Wie der Golem ist der Staat Israel außer Kontrolle geraten und hat Angst, Panik und Tod verbreitet, auch unter israelischen Dissidenten und Diaspora-Juden.

In der jüdischen Mystik, Literatur und im Kino wird der Golem von einem Rabbiner künstlich erschaffen, um das Leben von Juden vor antisemitischen Angriffen zu retten, befreit sich jedoch von der Kontrolle seines Schöpfers und verbreitet Angst, Panik und Tod, ganz im Widerspruch zu ihm Gebot „Du sollst nicht töten“.

Die Legende besagt, dass der dumme Riese aus Ton bestand und das hebräische Wort auf seiner Stirn trug emet, WAHR. Nachdem sich der Zauber gegen den Zauberer gewendet hat, zerstört der Rabbi den Golem, indem er den ersten Buchstaben von löscht emet, stimmt, was dazu führt Met, tot. Unter den verschiedenen Versionen des Golem ist die des kabbalistischen Rabbiners von Prag aus dem 1920. Jahrhundert die am weitesten verbreitete. Im Jahr XNUMX führte Paul Wegener Regie beim klassischen deutschen Expressionistenfilm Der Golem.

Wenn ich über zionistische Ethik und Ästhetik spreche, werde ich nicht auf die Ideologie israelischer Radikaler verweisen, die sich für das Blutbad und die Vertreibung von Palästinensern einsetzen, um einen theokratischen Staat zu schaffen, der sich vom Mittelmeer bis zum Jordan (und vielleicht darüber hinaus) erstreckt. Im Gegenteil, ich werde Israels einflussreichsten Schriftsteller zitieren, den Pazifisten Amós Oz aus seinem autobiografischen Roman Von Liebe und Dunkelheit, die die Staatsbildung durchläuft. Sowohl seine Familie väterlicherseits als auch mütterlicherseits wanderten während der britischen Mandatszeit aus Europa nach Palästina aus und Amos Oz wurde 1939 in Jerusalem geboren.

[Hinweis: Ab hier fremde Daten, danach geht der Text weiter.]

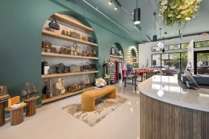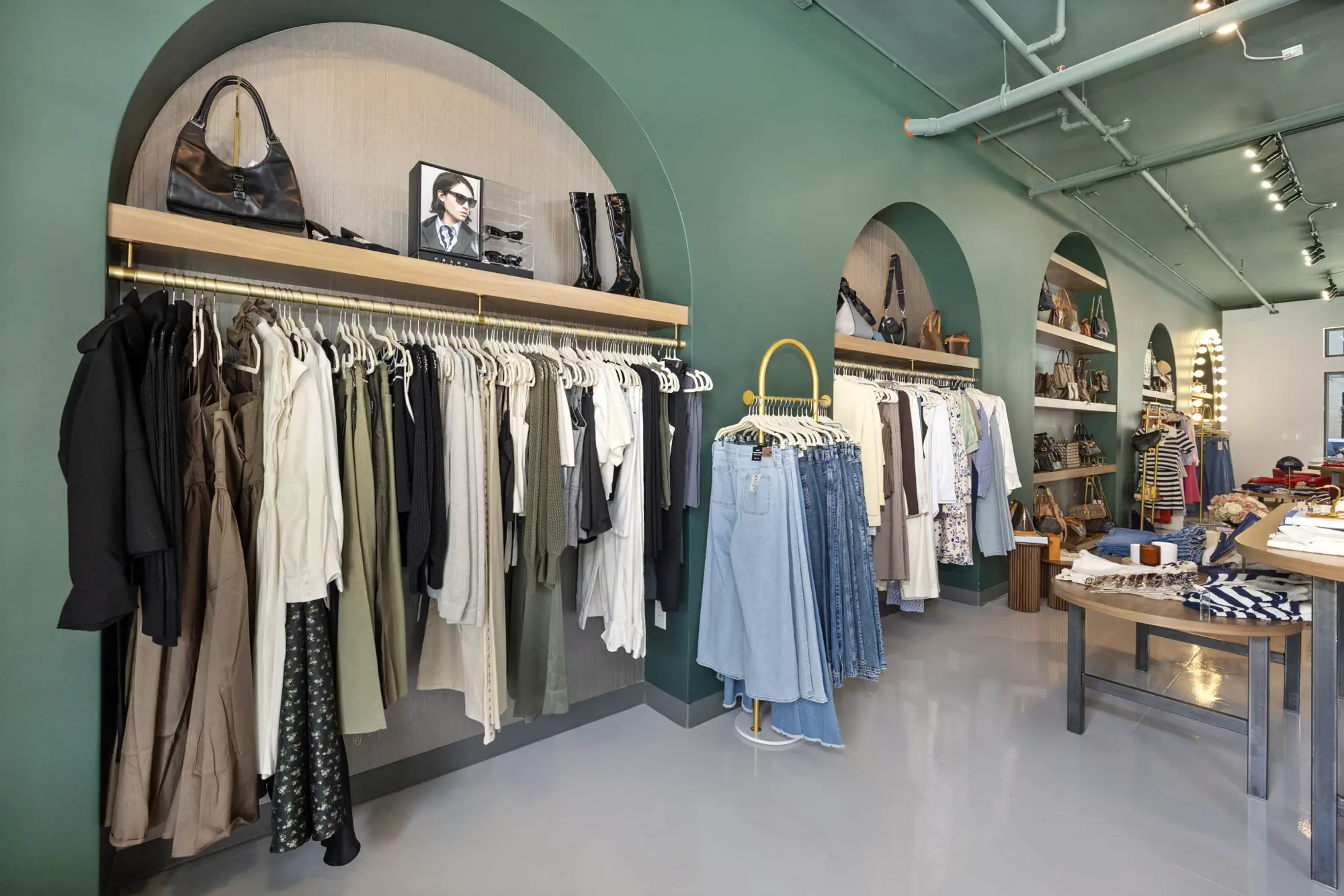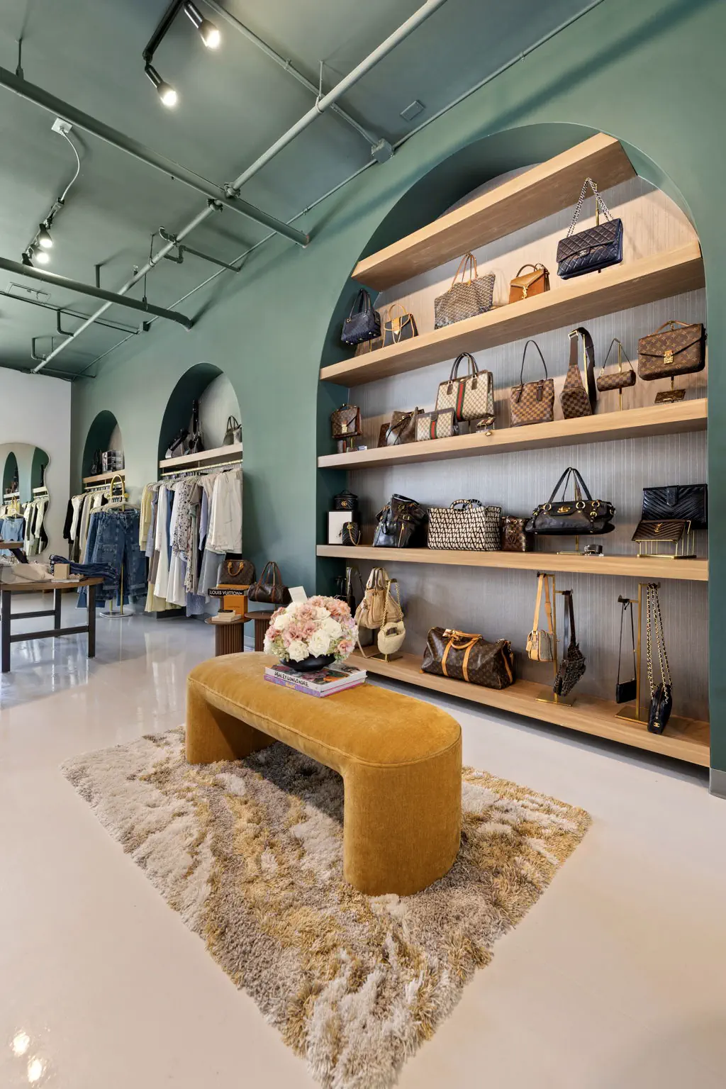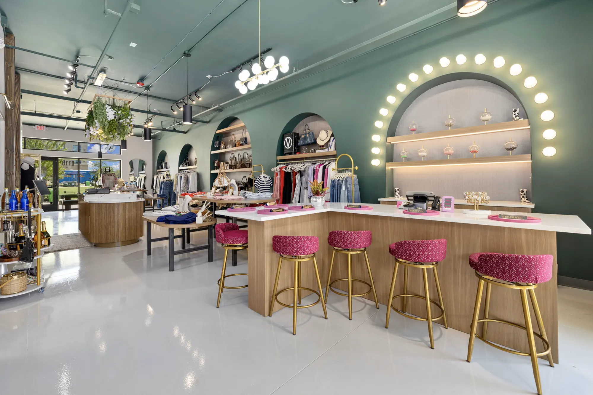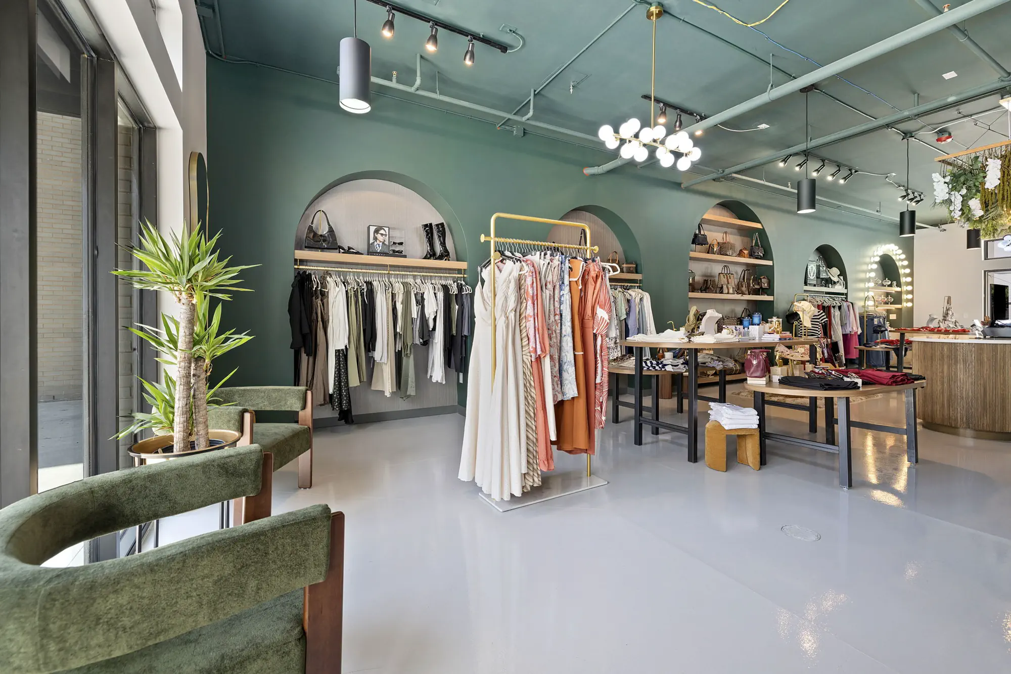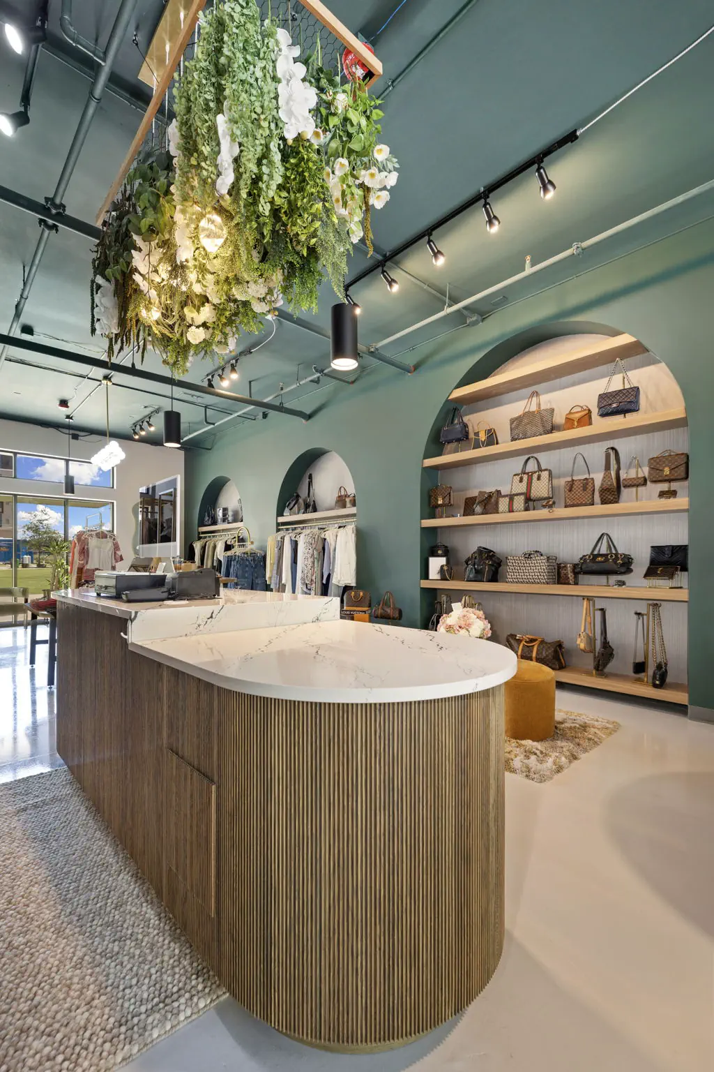 This space is a true reflection of the Henry Ellis brand, from color choices and all the way down to the green and gold veined quartz used on the center P.O.S. station; this space exudes elegance. When entering you see a long wall lined with arched openings that display handbags, shoes, and hanging clothes.

Nach dem Holocaust wollten die Europäer unbedingt die überlebenden Juden loswerden und versuchten, viel mächtiger als die Araber, sie zu zwingen, „das zu schlucken, was Europa ausspucken wollte“. Mit der Veröffentlichung des UN-Teilungsplans für Palästina im Jahr 1947, während Amós Oz‘ Vater Hertzls Prophezeiung feierte: „Der jüdische Staat klopft an die Tür“, sagte seine Mutter: „Er klopft nicht, es gibt keine Tür, was da ist.“ ein Abgrund.“

In einer Passage des Romans leitet Amós Oz die subversive Rede eines Weggefährten ein: „Aus Sicht der Palästinenser sind wir Ausländer von einem anderen Planeten, die gelandet sind und in ihr Land eingedrungen sind.“ Langsam nahmen wir es Stück für Stück und während wir ihnen versicherten, dass wir zu ihrem Besten gekommen waren – um sie von Würmern und Trachomen zu heilen, um sie aus der Flaute, der Unwissenheit und der feudalen Unterdrückung zu befreien –, schnappten wir uns geschickt immer mehr davon . dein Land. Was denkst du? Wer wird uns für unser Wohlwollen danken? Wer würde uns mit festlichem Getöse begrüßen? Dass sie kommen und uns in einer Zeremonie die Schlüssel zu allen Orten überreichen würden, die wir noch nicht eingenommen haben, nur weil unsere Vorfahren einst hier lebten? Sind Sie immer noch überrascht, wenn sie zu den Waffen gegen uns greifen? Und jetzt, nachdem sie ihnen eine durchschlagende Niederlage beigebracht und Hunderttausende von ihnen in Flüchtlingslagern zurückgelassen haben, glauben Sie immer noch, dass sie eine Party für uns veranstalten und uns alles Gute wünschen?“

Beim Aufbau des Staates strebten die israelischen Behörden danach, den humanistischen, internationalistischen und pazifistischen Diaspora-Juden, der wie ein Lamm zur Schlachtbank ging, in einen neuen starken und männlichen Juden zu verwandeln, der in der Lage war, die Präsenz der einheimischen Bevölkerung, die Palästina bewohnte, zu beseitigen.

Amós Klausner war tief betroffen vom tragischen Selbstmord seiner Mutter im Jahr 1952, nur wenige Jahre nach der Gründung des Staates Israel. In Von Liebe und Dunkelheit, der Vater des Protagonisten wird als Intellektueller, schwach und unmännlich beschrieben; und der Junge beschließt, in einem Kibbuz zu leben, um in der Gestalt eines starken und männlichen Israelis wiedergeboren zu werden. Um sich von der Inhaca des in der Diaspora lebenden Juden zu befreien, änderte er auch seinen jiddischen Nachnamen in einen hebräischen Nachnamen und nahm eine neue Identität an. Doch das Schicksal verrät Amós Oz, der, anstatt Bauer zu werden, sich dem Schreiben einer äußerst intimen Erzählung zuwendet.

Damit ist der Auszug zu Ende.